The general thanked Kal and sent him back on patrol, then the two climbed back into the car and headed for the forward command bunker.

"Do your Bolos have the firepower to deal with the influx of ships Kal predicts?" Kiel asked after they got under way. "And still fight a ground war at the same time? They're so damned new, I don't know much about them."

"No one does, General," Veck said. "The specs on those Hellrails are extremely classified."

"And just how do you think I should plan our defense," the General asked, his gaze boring into Veck, "when I don't know what my own weapons are capable of?"

Veck laughed. "Good point, General. When we get to forward command I'll pull all the specs up for you. But trust me, those Hellrails on the new Bolos can take anything out of low orbit.

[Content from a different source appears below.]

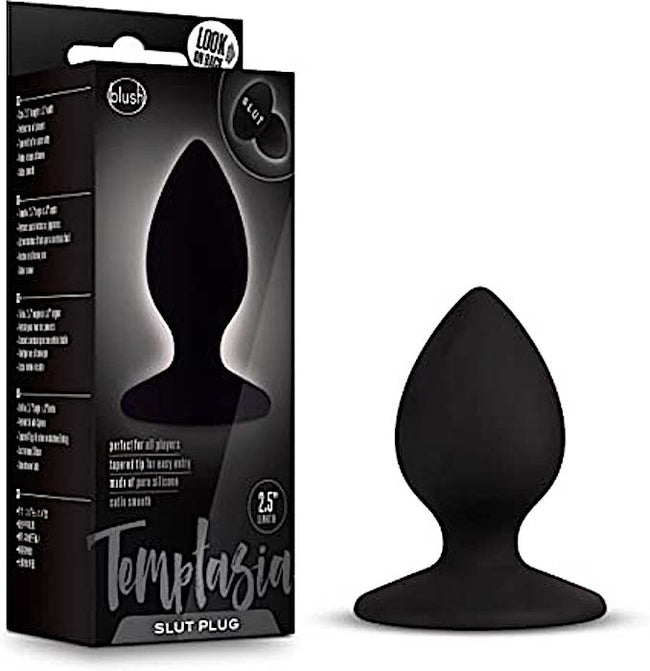 Show them what you really are... The Temptasia Slut Plug is an expressive anal toy made from satin-smooth silicone. Featuring a tapered tip for easy insertion, this Temptasia plug is ideal for new to intermediate-level anal players. The round base sports the word "SLUT," painted in the platinum cured silicone. It's body safe and simple to clean!

We can fight on the ground while taking care of the sky."

The general nodded and said nothing more.

But Veck had a few questions of his own. "Just how dependable are your Bolo's ideas about the coming attack?"

"As sound as they come," the general said. "Better than mine."

Veck said nothing to that. There was nothing he could say to a superior officer. As far as Veck was concerned, following a Bolo's hunch was just plain stupid. He was going to have to keep his eye on General Kiel. The old guy clearly wasn't playing with a full deck.